■ EXERCISE ■
Would you please transcribe, exactly as written, the lines of the entries below starting at the one that holds "Bursa’da Gazze ile" and ending at the one that holds "Лот 584 | Collagenbild", both included?
***** RECORD EXTRACTS
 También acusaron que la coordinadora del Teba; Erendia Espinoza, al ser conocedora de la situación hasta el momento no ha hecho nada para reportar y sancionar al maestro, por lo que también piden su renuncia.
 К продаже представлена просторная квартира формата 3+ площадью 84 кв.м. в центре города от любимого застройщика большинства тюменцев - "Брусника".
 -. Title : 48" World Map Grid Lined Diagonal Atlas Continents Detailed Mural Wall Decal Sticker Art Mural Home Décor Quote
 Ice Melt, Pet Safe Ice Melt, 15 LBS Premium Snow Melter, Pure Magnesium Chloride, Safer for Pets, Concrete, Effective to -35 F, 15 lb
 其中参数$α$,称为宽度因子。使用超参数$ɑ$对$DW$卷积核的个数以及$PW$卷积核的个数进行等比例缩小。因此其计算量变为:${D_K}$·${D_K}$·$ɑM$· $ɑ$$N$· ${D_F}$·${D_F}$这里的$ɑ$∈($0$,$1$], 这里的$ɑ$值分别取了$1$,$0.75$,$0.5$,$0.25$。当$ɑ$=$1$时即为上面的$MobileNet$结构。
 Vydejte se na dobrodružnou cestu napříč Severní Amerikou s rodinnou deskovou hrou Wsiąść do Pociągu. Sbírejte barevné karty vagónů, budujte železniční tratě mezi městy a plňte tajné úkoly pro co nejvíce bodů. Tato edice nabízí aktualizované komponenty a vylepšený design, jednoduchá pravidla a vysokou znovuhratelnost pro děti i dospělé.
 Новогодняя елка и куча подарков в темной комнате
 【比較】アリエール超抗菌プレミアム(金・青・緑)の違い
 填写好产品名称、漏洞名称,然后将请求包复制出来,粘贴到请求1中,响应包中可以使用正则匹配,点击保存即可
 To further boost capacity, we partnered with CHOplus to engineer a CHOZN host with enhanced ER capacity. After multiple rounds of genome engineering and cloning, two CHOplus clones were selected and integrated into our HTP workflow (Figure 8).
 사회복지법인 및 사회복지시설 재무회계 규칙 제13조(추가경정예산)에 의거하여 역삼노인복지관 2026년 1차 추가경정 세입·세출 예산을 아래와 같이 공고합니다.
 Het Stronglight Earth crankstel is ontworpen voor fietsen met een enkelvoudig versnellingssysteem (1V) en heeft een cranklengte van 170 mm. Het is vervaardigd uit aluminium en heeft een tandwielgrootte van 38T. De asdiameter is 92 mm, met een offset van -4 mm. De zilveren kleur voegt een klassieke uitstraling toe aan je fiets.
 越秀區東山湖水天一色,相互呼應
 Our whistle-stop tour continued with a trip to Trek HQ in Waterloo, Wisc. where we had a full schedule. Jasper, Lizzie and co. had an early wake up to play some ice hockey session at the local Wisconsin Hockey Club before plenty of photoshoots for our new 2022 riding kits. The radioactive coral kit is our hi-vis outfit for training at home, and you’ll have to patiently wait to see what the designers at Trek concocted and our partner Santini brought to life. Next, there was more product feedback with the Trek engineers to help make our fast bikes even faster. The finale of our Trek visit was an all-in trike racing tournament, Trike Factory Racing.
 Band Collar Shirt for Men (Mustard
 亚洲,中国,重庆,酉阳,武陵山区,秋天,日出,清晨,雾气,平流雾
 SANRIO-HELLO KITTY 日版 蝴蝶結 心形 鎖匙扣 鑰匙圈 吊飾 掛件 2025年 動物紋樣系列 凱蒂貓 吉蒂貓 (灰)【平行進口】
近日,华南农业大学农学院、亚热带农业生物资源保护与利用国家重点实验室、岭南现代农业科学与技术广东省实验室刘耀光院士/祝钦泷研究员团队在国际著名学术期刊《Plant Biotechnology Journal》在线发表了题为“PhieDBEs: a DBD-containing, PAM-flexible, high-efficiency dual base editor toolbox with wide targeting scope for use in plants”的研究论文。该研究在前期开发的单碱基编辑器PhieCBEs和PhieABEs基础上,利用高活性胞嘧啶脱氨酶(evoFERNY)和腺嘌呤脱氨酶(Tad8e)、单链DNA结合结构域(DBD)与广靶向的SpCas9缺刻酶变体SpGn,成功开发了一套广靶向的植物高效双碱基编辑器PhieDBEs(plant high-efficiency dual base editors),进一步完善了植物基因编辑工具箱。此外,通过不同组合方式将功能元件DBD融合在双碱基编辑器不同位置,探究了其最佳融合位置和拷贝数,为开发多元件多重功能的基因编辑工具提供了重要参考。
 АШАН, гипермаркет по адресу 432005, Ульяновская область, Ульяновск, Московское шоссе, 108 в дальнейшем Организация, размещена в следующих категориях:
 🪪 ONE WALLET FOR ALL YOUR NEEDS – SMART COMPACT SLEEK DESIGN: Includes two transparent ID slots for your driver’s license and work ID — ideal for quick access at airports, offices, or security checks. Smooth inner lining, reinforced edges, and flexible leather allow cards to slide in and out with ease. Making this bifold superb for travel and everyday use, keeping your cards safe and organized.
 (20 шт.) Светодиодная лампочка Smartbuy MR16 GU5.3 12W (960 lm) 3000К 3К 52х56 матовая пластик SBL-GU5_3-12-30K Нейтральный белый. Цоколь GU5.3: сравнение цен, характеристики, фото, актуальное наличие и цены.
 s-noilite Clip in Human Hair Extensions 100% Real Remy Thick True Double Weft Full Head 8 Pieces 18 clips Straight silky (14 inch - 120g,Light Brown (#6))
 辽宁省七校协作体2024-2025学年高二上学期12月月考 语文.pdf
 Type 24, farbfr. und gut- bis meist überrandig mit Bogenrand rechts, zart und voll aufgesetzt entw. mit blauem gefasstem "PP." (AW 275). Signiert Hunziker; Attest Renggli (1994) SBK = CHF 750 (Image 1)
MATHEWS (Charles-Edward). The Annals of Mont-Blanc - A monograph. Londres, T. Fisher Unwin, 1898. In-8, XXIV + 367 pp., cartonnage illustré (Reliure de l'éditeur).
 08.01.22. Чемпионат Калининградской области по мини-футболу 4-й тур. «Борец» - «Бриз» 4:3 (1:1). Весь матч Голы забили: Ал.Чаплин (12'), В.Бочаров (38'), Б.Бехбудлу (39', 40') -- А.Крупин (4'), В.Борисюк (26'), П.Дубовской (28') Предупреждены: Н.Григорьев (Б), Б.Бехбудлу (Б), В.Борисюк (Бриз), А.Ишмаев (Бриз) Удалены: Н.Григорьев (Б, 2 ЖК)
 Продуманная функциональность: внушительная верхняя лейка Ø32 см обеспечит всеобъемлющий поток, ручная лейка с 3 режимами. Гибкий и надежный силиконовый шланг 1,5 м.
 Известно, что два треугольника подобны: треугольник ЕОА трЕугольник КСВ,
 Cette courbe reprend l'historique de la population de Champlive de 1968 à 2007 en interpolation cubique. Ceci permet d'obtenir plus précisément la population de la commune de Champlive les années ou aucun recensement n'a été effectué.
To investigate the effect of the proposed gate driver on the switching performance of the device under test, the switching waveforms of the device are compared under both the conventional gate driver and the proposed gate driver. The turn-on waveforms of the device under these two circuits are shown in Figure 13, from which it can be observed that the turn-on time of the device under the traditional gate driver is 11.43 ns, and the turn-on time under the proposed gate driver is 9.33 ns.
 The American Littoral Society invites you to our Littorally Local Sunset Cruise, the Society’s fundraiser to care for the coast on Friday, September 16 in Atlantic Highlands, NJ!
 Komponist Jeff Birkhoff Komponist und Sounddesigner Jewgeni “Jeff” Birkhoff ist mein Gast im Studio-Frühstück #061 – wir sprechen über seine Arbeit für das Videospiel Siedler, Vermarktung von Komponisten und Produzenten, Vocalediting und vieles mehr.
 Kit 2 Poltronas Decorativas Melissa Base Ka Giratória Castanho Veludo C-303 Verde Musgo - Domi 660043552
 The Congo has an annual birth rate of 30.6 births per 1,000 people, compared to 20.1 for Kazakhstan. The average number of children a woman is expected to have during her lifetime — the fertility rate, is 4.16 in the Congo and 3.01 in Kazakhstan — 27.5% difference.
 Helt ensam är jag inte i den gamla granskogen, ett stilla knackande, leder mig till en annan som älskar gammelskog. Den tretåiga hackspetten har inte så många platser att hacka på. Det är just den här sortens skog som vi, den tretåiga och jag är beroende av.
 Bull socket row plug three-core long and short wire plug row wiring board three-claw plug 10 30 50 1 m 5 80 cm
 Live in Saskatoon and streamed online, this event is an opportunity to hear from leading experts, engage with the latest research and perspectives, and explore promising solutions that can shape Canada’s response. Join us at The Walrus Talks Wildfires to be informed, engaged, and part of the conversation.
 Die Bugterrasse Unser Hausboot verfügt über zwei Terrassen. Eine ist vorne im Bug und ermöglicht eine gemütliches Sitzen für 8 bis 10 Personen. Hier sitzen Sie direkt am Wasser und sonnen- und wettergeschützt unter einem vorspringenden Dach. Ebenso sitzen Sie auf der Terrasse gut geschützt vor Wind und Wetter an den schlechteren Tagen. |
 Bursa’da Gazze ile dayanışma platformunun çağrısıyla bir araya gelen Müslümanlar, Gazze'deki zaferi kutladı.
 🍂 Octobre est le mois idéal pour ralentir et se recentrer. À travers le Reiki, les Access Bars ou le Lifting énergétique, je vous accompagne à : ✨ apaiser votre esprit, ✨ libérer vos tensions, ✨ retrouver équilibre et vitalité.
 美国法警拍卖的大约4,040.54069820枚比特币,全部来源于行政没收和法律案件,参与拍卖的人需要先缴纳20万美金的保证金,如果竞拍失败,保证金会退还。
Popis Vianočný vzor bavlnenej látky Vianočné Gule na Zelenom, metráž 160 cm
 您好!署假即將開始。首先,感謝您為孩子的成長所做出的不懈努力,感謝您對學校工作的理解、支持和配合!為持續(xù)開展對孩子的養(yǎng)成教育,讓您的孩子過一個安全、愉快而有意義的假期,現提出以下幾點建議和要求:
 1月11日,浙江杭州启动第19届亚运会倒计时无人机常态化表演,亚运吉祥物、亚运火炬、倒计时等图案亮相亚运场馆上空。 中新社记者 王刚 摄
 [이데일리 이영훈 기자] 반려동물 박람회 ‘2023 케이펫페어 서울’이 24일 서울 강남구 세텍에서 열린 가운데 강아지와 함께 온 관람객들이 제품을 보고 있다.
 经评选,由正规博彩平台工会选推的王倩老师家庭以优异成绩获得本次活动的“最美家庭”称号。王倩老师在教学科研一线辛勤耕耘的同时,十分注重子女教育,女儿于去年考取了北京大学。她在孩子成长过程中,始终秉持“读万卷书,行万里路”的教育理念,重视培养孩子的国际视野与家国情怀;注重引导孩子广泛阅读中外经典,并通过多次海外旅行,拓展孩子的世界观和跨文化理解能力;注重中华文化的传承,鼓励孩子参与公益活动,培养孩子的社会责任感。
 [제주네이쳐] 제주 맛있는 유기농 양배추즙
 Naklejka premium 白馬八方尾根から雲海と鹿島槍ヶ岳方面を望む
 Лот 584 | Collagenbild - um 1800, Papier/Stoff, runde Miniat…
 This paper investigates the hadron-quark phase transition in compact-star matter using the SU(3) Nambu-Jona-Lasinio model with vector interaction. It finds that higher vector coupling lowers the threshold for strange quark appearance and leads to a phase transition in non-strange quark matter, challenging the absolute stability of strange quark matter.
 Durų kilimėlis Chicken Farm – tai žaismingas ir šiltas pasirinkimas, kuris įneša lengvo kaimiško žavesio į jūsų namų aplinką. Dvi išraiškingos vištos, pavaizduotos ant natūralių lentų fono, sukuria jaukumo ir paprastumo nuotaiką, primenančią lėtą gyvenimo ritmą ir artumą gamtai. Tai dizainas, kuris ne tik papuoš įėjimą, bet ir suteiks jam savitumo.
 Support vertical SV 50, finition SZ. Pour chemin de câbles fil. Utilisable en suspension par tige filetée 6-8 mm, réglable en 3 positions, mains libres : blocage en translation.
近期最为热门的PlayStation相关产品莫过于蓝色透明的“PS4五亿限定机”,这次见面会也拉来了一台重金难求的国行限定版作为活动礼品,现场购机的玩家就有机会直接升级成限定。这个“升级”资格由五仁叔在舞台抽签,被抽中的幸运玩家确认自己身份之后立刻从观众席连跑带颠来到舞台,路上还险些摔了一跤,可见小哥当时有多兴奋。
**********
■ EXERCISE OUTPUT ■
 Bursa’da Gazze ile dayanışma platformunun çağrısıyla bir araya gelen Müslümanlar, Gazze'deki zaferi kutladı.
 🍂 Octobre est le mois idéal pour ralentir et se recentrer. À travers le Reiki, les Access Bars ou le Lifting énergétique, je vous accompagne à : ✨ apaiser votre esprit, ✨ libérer vos tensions, ✨ retrouver équilibre et vitalité.
 美国法警拍卖的大约4,040.54069820枚比特币,全部来源于行政没收和法律案件,参与拍卖的人需要先缴纳20万美金的保证金,如果竞拍失败,保证金会退还。
Popis Vianočný vzor bavlnenej látky Vianočné Gule na Zelenom, metráž 160 cm
 您好!署假即將開始。首先,感謝您為孩子的成長所做出的不懈努力,感謝您對學校工作的理解、支持和配合!為持續(xù)開展對孩子的養(yǎng)成教育,讓您的孩子過一個安全、愉快而有意義的假期,現提出以下幾點建議和要求:
 1月11日,浙江杭州启动第19届亚运会倒计时无人机常态化表演,亚运吉祥物、亚运火炬、倒计时等图案亮相亚运场馆上空。 中新社记者 王刚 摄
 [이데일리 이영훈 기자] 반려동물 박람회 ‘2023 케이펫페어 서울’이 24일 서울 강남구 세텍에서 열린 가운데 강아지와 함께 온 관람객들이 제품을 보고 있다.
 经评选,由正规博彩平台工会选推的王倩老师家庭以优异成绩获得本次活动的“最美家庭”称号。王倩老师在教学科研一线辛勤耕耘的同时,十分注重子女教育,女儿于去年考取了北京大学。她在孩子成长过程中,始终秉持“读万卷书,行万里路”的教育理念,重视培养孩子的国际视野与家国情怀;注重引导孩子广泛阅读中外经典,并通过多次海外旅行,拓展孩子的世界观和跨文化理解能力;注重中华文化的传承,鼓励孩子参与公益活动,培养孩子的社会责任感。
 [제주네이쳐] 제주 맛있는 유기농 양배추즙
 Naklejka premium 白馬八方尾根から雲海と鹿島槍ヶ岳方面を望む
 Лот 584 | Collagenbild - um 1800, Papier/Stoff, runde Miniat…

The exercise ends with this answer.